Cyber risks in healthcare are not just confined to the data center, to nursing stations or to the PHI data that flows back and forth between health insurers, HIEs, government agencies and patients. The risk web is very much bigger than that. It includes thousands of suppliers, vendors, and partners that stretch right the way across the globe. Everything from business process and IT outsourcers in India, to complex manufacturing supply chains for medical equipment in China, Brazil, Germany, the UK and Australia. It includes the company that provides hot meals to patients and food and coffee for the hospital cafeterias, to the pharmaceutical companies conducting clinical trials, and biomedical engineering companies that provide prosthetic limbs to your patients or an IMD that leaves the hospital with them.
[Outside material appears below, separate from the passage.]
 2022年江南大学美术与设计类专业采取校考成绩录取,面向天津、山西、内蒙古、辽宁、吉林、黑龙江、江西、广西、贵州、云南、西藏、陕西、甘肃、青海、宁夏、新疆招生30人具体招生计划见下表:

Anyone in fact who has physical access to your sites, network access to your IT, or who processes your data, regardless if they ever see one of your patients or not.
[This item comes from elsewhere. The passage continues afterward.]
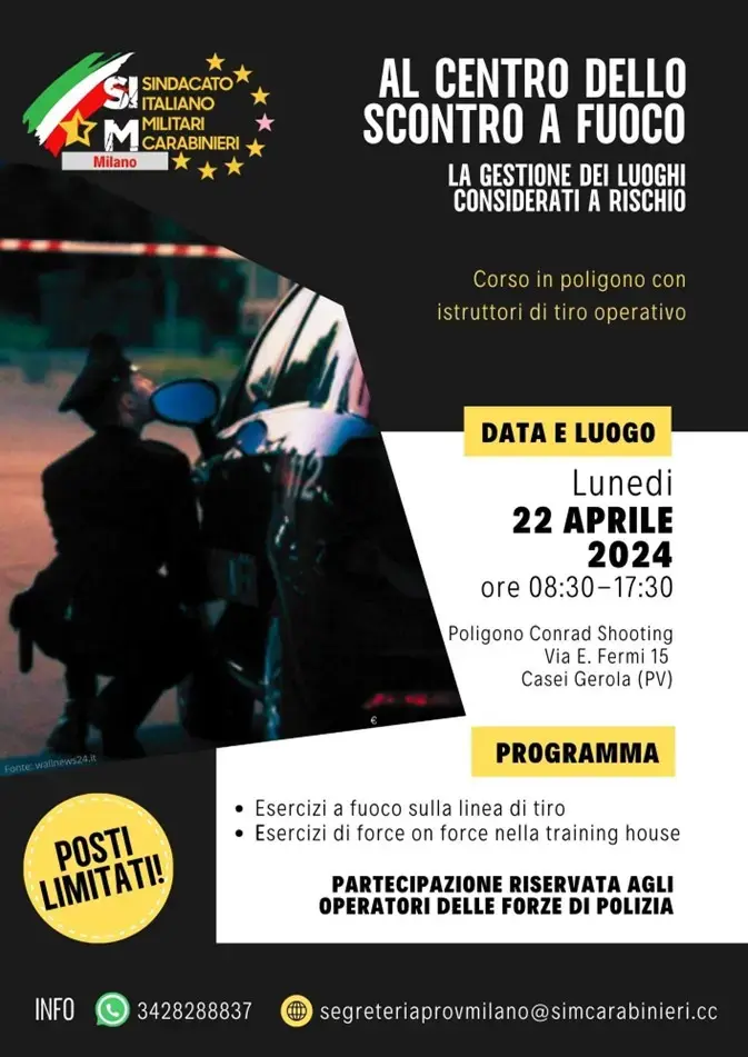 Il SIM di Milano vuole però continuare su questa scia ed ha già in programma per il 22 aprile 2024 un corso di tiro operativo in poligono dedicato ai colleghi. Le iscrizioni si sono appena aperte e saranno possibili contattando la segreteria provinciale. Nella locandina in basso i dettagli.

A recent Vendor Vulnerability Index research report released by Bomgar, showed that breaches occurring from third parties account for two-thirds of the total number of reported cyber breaches. The study found that only 46% of US companies said they know the number of log-ins that could be attributed to vendors and that less than 51% enforce policies around third party access. Furthermore, 69% of respondents said they 'definitely' or 'possibly' suffered a security breach resulting from vendor access in the past year.

Lets not forget that the Target breach of 40 million credit cards and 70 million customer records was caused by weak security of one of Target's HVAC vendors. It cost Target over $300 million and the jobs of everyone on the leadership team as well as lasting damage to the store's reputation.

The consensus by security professionals is that the risk posed by third parties is not only substantial, but it is increasing each and every year. Gartner stated in its June 2017 Magic Quadrant for IT Vendor Risk Management that by 2020, 75% of Fortune Global 500 companies will treat vendor risk management as a board-level initiative to mitigate brand and reputation risk. So why is it then, that health system CEOs are focused on other things? It could be that the healthcare industry has SO MANY challenges that TPVRM is just further down the list, it could be the fact that very few HDOs feature in the prestigious Fortune 500 list, or it could just be that healthcare CCOs, CROs and CISOs, just haven't gotten the message across to their CEO yet. Either way they need to!

I shared a number of tips and suggestions during my presentation today at the VAHIMSS Annual Conference to aid executives to construct or refine their TPVRM process. My slides can be found here.

Thanks to everyone who attended and asked some great questions and to the leadership of sponsors of the conference who helped to put on a great 3 day event in Williamsburg, VA.